Preguntas frecuentes
- ¿Qué diferencia hay entre un servicio de destrucción de documentos certificado y uno que no lo es?
- La diferencia es la capacidad de acreditación. Un proveedor certificado (UNE-EN 15713 emitida por entidad acreditada como ADOK) ha sido auditado externamente y puede aportar documentación verificable sobre su proceso. Un proveedor sin certificación puede destruir correctamente, pero no puede demostrarlo de forma que tenga peso ante una auditoría o ante el regulador de protección de datos.
- ¿Con qué frecuencia hay que contratar el servicio de destrucción de documentos?

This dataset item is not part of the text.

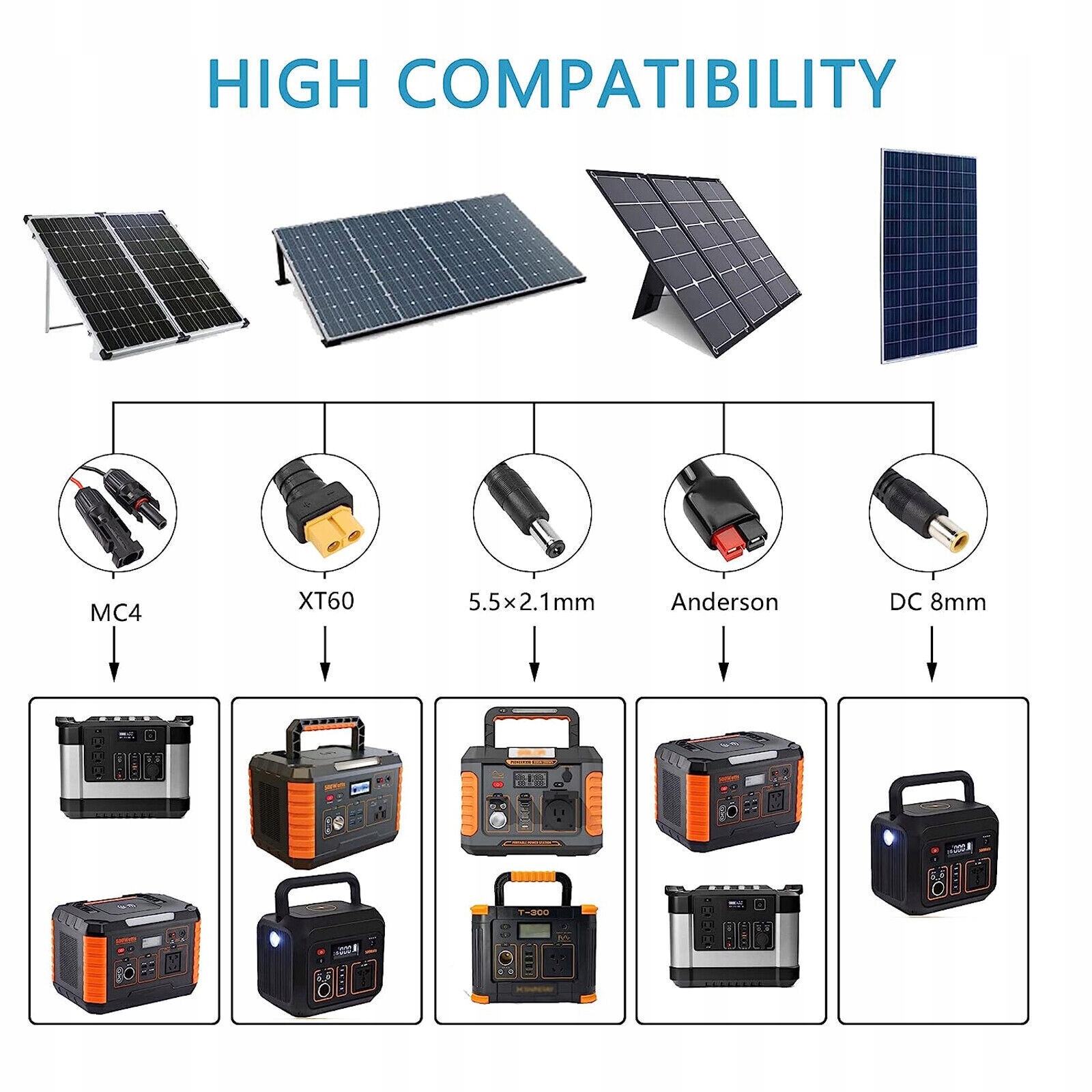 Кабель для сонячної панелі: забезпечує зручне рішення для всіх сонячних панелей із роз’ємами сонячної панелі, композитний кабель, що відповідає роз’єму сонячної панелі панель до кабелю XT60*1, кабель постійного струму 5,5x2,1 мм*1, кабель постійного струму 8 мм*1, сумісний кабель з роз’ємом Anderson*1

- Depende del volumen generado y de los plazos de conservación de la documentación. Muchas empresas lo programan de forma anual o semestral, cuando revisan el archivo y detectan documentación que ya ha superado su plazo de conservación. En empresas con generación continua de documentación sensible —despachos de abogados, gestorías, aseguradoras— puede ser conveniente un servicio más frecuente con contenedores permanentes en las instalaciones.
- ¿El proveedor de destrucción de documentos puede destruir también discos duros, USB o soportes digitales?
- No todos. Patranser ofrece el servicio de destrucción exclusivamente para documentos en papel. Para la destrucción de soportes digitales existen empresas especializadas en ese tipo de destrucción, que requiere procesos y equipamiento diferente.
- ¿Qué pasa si el personal del proveedor tiene acceso a los documentos durante el transporte?
- En un servicio correcto, los documentos se depositan en contenedores con cerradura en las instalaciones del cliente y no se abren hasta llegar a la sala de destrucción. El personal de recogida no tiene acceso al contenido. Si hay algún punto del proceso en que los documentos quedan accesibles sin control, ese es un fallo de seguridad que debe corregirse.
- ¿Cuánto tiempo tarda el proveedor en emitir el certificado de destrucción?
- Un proveedor bien organizado emite el certificado en el mismo proceso o como máximo en los días siguientes a la destrucción. Si tarda semanas o no tiene un procedimiento definido para ello, es señal de que el proceso no está sistematizado, lo que plantea dudas sobre el resto del proceso también.
- ¿Puedo solicitar el certificado de destrucción en formato digital para archivarlo en mi sistema de gestión?
- Sí, y es lo habitual. El certificado en PDF con firma o sello del proveedor es suficiente para la mayoría de los sistemas de gestión documental y para presentarlo ante auditorías. Lo importante es que quede archivado de forma accesible y organizada por fecha de destrucción.